The main parameters to this function include useAssay which is used to specify the normalized assay from previous steps and scaledAssayName which will be the name of the new scaled assay to be created.

sce <- runScanpyScaleData(inSCE = sce, useAssay = "scanpyNormData", scaledAssayName = "scanpyScaledData")

3. Highly Variable Genes
Highly variable genes can be identified by first using the runScanpyFindHVG() function that computes that statistics against a selected HVG method in the rowData of input object. The variable genes can be visualized using the plotScanpyHVG() method.

The main parameters to this function include useAssay which is used to specify the name of the input log normalized assay and method which is used to specify the method to use for computing the variability of each gene.

sce <- runScanpyFindHVG(inSCE = sce, useAssay = "scanpyNormData", method = "seurat", minMean = 0.0125, maxMean = 3, maxDisp = 0.5)

The getTopHVG function can be used to select the top most variable genes and store it back in rowData of the SCE object as a Boolean vector.

print(getTopHVG(sce, method = "seurat", hvgNumber = 10))
##  [1] "PPBP"         "NFE2L2"       "DOK3"         "YPEL2"        "ARVCF"       
##  [6] "UBE2D4"       "FAM210B"      "CTB-113I20.2" "GBGT1"        "GMPPA"


4. Dimensionality Reduction
PCA can be computed using the runScanpyPCA() function.

The main parameters to this function include useAssay which is used to specify the name of the input log normalized assay and method which is used to specify the method to use for computing the variability of each gene.

sce <- runScanpyPCA(inSCE = sce, useAssay = "scanpyScaledData", reducedDimName = "scanpyPCA", nPCs = 50, method = "auto", use_highly_variable = TRUE)

The results of the PCA can be visualized in several ways. The plotScanpyPCAVariance() function shows the percentage of variability explained by each PC. This plot can be useful for selecting the number of PCs. In general, the “elbow” of the curve is a good selection criteria.
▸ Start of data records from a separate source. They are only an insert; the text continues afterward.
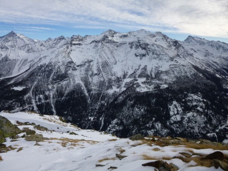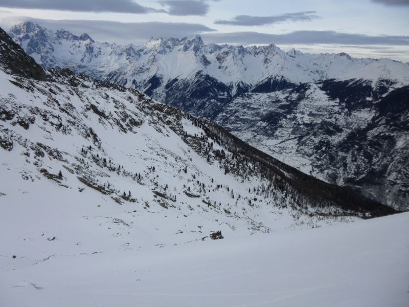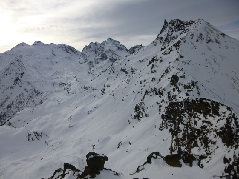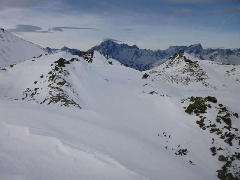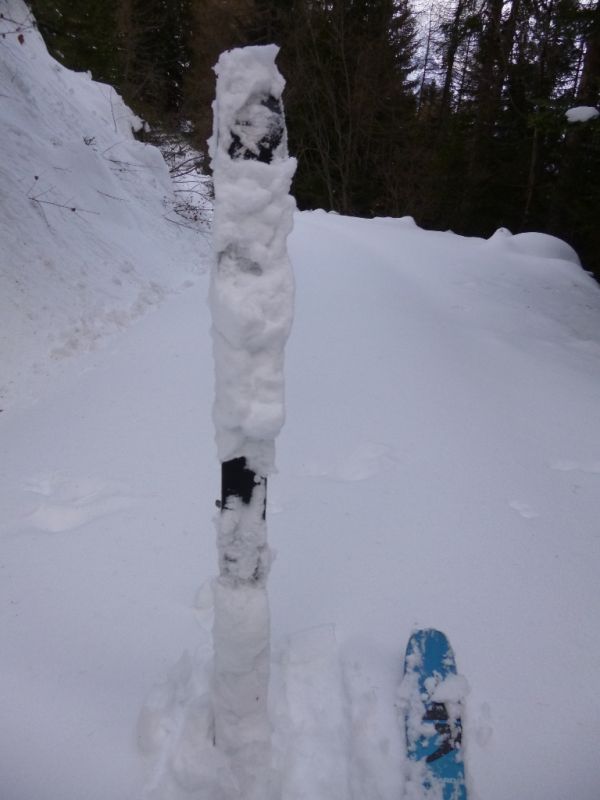 Encore un beau sommet panoramique. Montée pénible avec une neige très collante jusque vers 2000m. Descente agréable jusque 1660m. Très peu de glisse sur la piste forestière. En-dessous de Lazey, un engin est monté laissant deux rails dans lesquels j'ai retrouvé de la glisse.
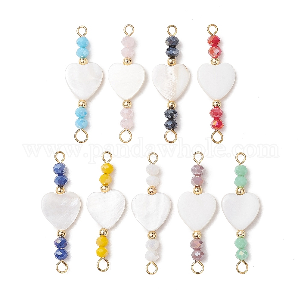 9шт. 9 цвета, натуральные пресноводные ракушки и гальванизированные стеклянные бусины, соединительные подвески, шарма сердца, с латунными бусинами и 304 штифтами из нержавеющей стали.
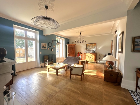 Dès l’entrée, on découvre un salon-séjour agrémenté de boiseries et d’une cheminée, prolongé par une salle à manger ouverte sur la terrasse, ainsi qu’une cuisine équipée disposant également d’un accès vers l’extérieur.

The elbow is where there is a sharp drop in the amount the percentage of variance decreases after including additional PCs.

plotScanpyPCAVariance(inSCE = sce, nPCs = 50)


The plotScanpyPCA() function can be used to view cells in the reduced dimensional space of PC1 versus PC2.

plotScanpyPCA(inSCE = sce, reducedDimName = "scanpyPCA")


The plotScanpyPCAGeneRanking() function shows the highest ranked genes for each PC.


5. 2-D Embedding

The relationships between cells can be viewed on 2-D scatter plots using embedding algorithms such as ‘UMAP’ and ‘tSNE.’ In these plots, each point is a cell and cells with more similar expression profiles will be closer together in the plot. runScanpyTSNE() and runScanpyUMAP() can be used to compute 2-D embeddings which are stored in the reducedDim slot of the SCE object.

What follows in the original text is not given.